The widespread availability of these drugs in Egypt has offered a second chance to many people who saw their Hepatitis C infection as the death sentence it had been for many of their relatives and neighbors. The deal struck between the pharmaceutical companies and the government allows the Egyptian health ministry to distribute the treatment to patients for free. The program in Egypt is only a year old, but it holds great promise of significantly decreasing rates of the disease, and serving as a model for other countries dealing with high Hepatitis C rates.

The potential to significantly reduce worldwide Hepatitis C rates with these new drugs is a public health game changer. Governments and health administrators are still trying to figure out the best strategies to balance the treatment needs of citizens with economic concerns. However, despite the current challenges, it seems likely that Hepatitis C will go from a pervasive and deadly illness to a rare and easily treatable disease within our lifetime. That is a beautiful thing.

Posted in Global Health, Healthcare ;

Comments

Jennifer Jones says:

It distresses me to see DAAs repeatedly referred to as ‘cures’ even when qualified with ‘essentially’. It’s bad enough when the press does this, but I expect better from academics. To quote you ” “Cure” of the infection is determined by whether the patient’s sustained virologic response (SVR) – the level of Hepatitis C virus (HCV) in their bloodstream – remains undetectable three months after treatment has ended.”
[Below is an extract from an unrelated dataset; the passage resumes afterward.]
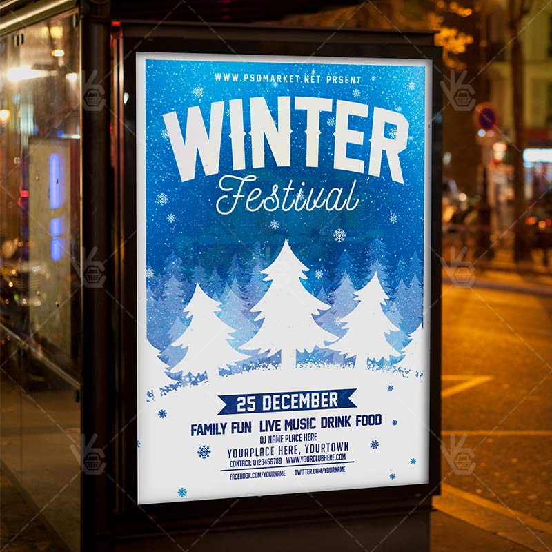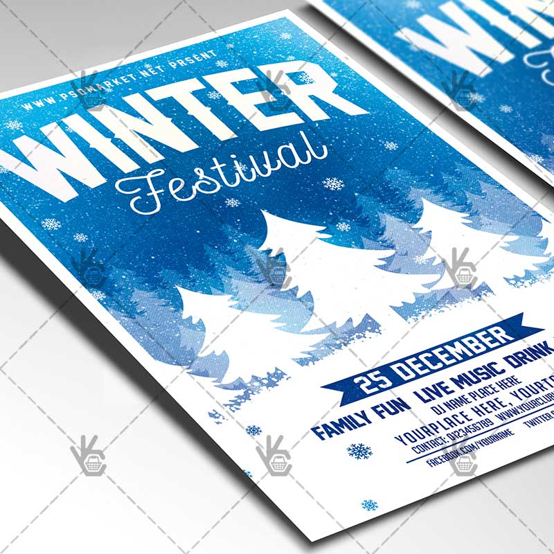 Winter Festival is a simply modern flyer design by PSDmarket Team to be used with Photoshop CS3 and higher. Save your time and use it for business or for your clients! This can be use for Winter Party, Winter Night, New Year Party, Christmas Party, Winter Madness or Winter Event and others.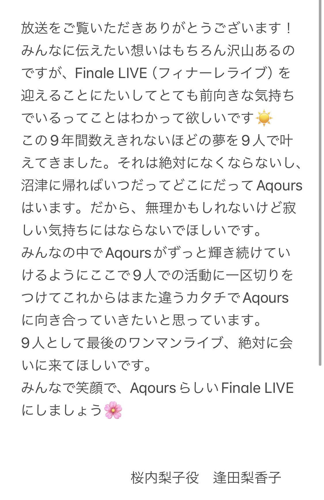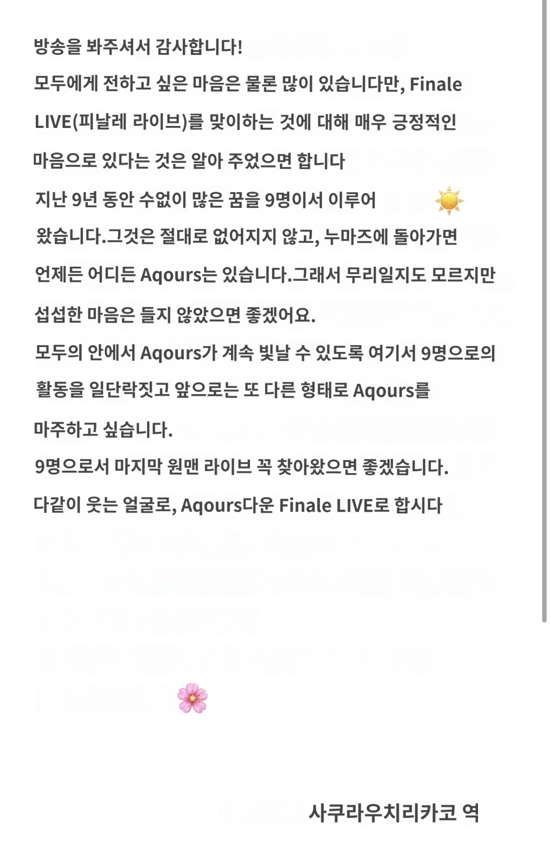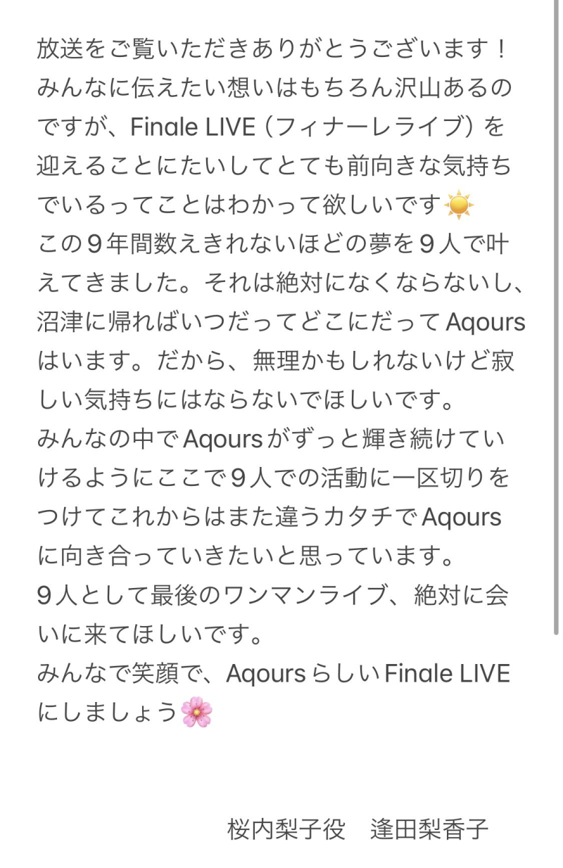 안달뷩 뒤늦게 Aqours 9주년 특집 대한 슬픔소식...😭😭💕💕 [일반] 작성일시 : 2024. 07. 01 (20:35) 조회 : 1,583 / 댓글 : 8 하아...물론 9주년 특집 이라서 좋은 소식도 많이 있지만 벌써 부터 Aqours도 μ’s처럼 파이널 라이브 무대 준비 예정 입니다...그나마 다행이 공식으로 완전히 끝나는 의미는 아니지만 단독 라이브 콘서트 공연은 끝나고 말았어요...그 동안 많이 웃고 즐기고 재미있었는데 마지막 단독 콘서트 이라서 많이 아쉽네요...!!😭😭💕💕👍👍 (영상링크)https://x.com/LoveLive_staff/status/1807372644251222212?t=E_w-UDm8I8xaVLwNcZTPYQ&s=19 출처(링크) : https://x.com/Rikako_Aida/status/1807379937177059628?t=1OgTj-SJPBjOm27yivQG_w&s=19 5추천 글쓰기스크랩 신고

Viral load in the blood is only a surrogate measure; these patients still have Hep C and we don’t yet know what the relapse rate will be. We are misleading patients by calling it a cure; they will still have virus in their livers and they can still get sick. Admittedly it’s likely to be a low probability but for most people cure means zero probability. We should be clear about this.

Jennifer Jones says:

In addition, I would also say that your post says absolutely nothing new. Where is the learned commentary?